I now take leave, for the present, of this subject, which exhibits the conduct of mankind in such a disagreeable view. Some, like M. Millot above quoted, may be apt to suppose that many of the accounts are exaggerated. But it is evident, that in our days it is impossible to determine any thing to be a falsehood, said to have happened in former ages, which is not absolutely contradictory to reason. Every one of the accounts inserted in this section has found a place in the works of historians reckoned authentic, particularly in the Universal History. All who believe the New Testament must certainly believe, from the words of our Saviour, that extraordinary things were to happen in the ages subsequent to his appearance. Can we then discredit the relations of those historians who inform us that extraordinary things have happened? Modern historians, making their own judgments the infallible measure of wisdom, and the strength of nations now existing the ultimate measure of human power, have endeavoured to turn into ridicule every thing which does not precisely accord with these two. In this the French are particularly culpable; accounting every thing to be incredible which exceeds the power of modern France to accomplish, though they certainly do not know even the extent of this power. Of such scandalous vanity we have a notable instance in the works of president Goguet, who positively determines that the walls of ancient Babylon, the pyramids of Egypt, and all the wonderful works of Semiramis, Nebuchadnezzar, &c. were not equal to the canal of Languedoc made by Louis XIV!
SECTION III.
Of Disease in general.—The nature of the Plague as a Disease considered.—Of Contagion.—Whether the Plague is really Contagious or not.—Medical History of the Distemper.—Inquiry into its Immediate Causes, and whether an approaching Plague is indicated by any visible Signs.
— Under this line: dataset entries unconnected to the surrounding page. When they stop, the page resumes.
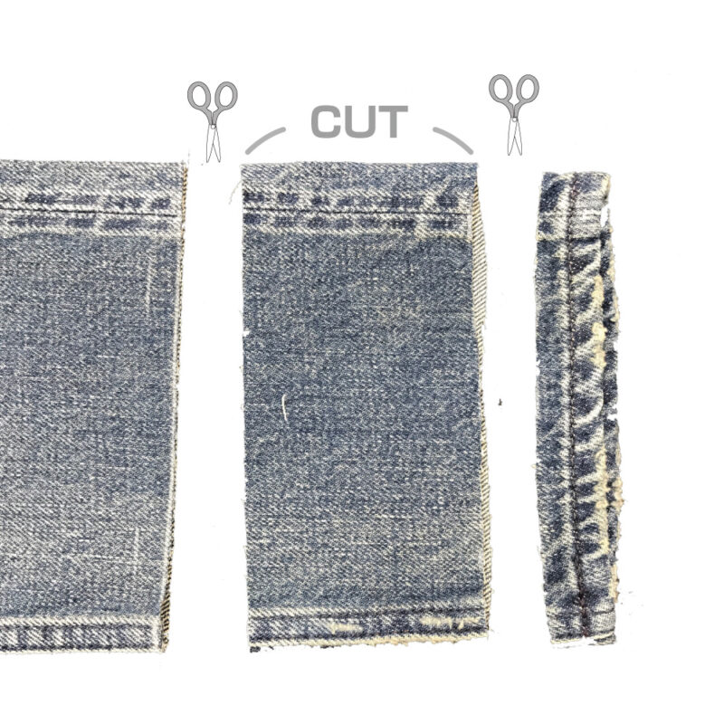🪄アタリ部分の寸法を計算してカットしたジーンズ本体と、
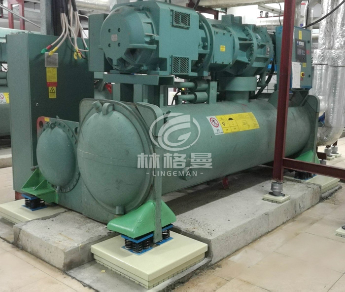 這樣可使空調(diào)主機運行時振動源在最近距離內(nèi)給予減弱,降低傳給冷凍主管的振動,彎頭至空調(diào)主機段主管安裝彈簧減振器支承。
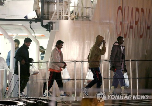 | △ 이탈리아 항구 도착한 지중해 침몰선 생존자 (EPA=연합뉴스) |
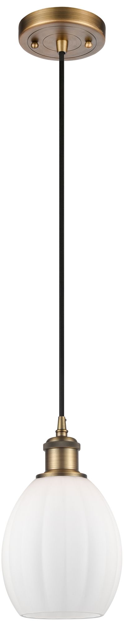 Eaton 6" Brushed Brass Cord Hung Mini Pendant w/ Matte White Shade
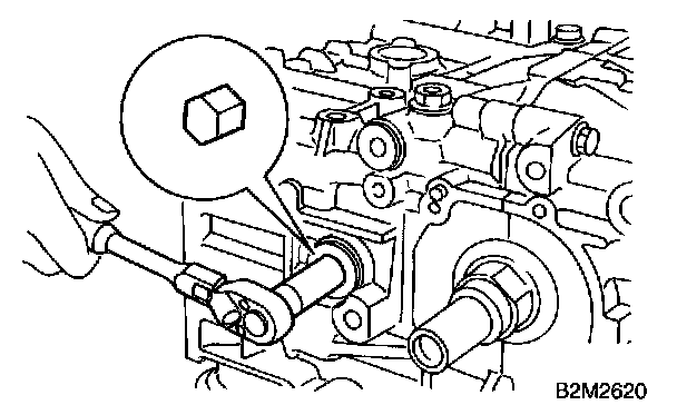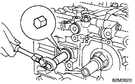 6) Back off bolts which connect cylinder block on the side of #1 and #3 cylinders two or three turns.

HITHERTO we have considered the origin of the plague entirely in a moral point of view. We have seen, that, in conformity to the general opinion of mankind, it may reasonably be supposed to have been inflicted upon mankind, the Jews particularly, for their transgressions; that, having been once introduced, it has been perpetuated, and spread from nation to nation, and that in proportion to the degree of immorality of a certain kind prevailing through the world. From this it is naturally to be inferred, that, were the human race to live at peace with one another, to disperse themselves over the face of the earth for the purpose of improving it by cultivation, and were they to be contented with what the produce of each country affords, there would be no plague among them. But we know that such a reformation is not to be expected, and we must take the world as we find it. The question then is, By what means shall individuals secure themselves from being destroyed by a plague which shall happen to invade any country; or how shall a person, already infected with it, be restored to health? For this purpose let us begin with considering the nature of disease in general, and of the plague particularly.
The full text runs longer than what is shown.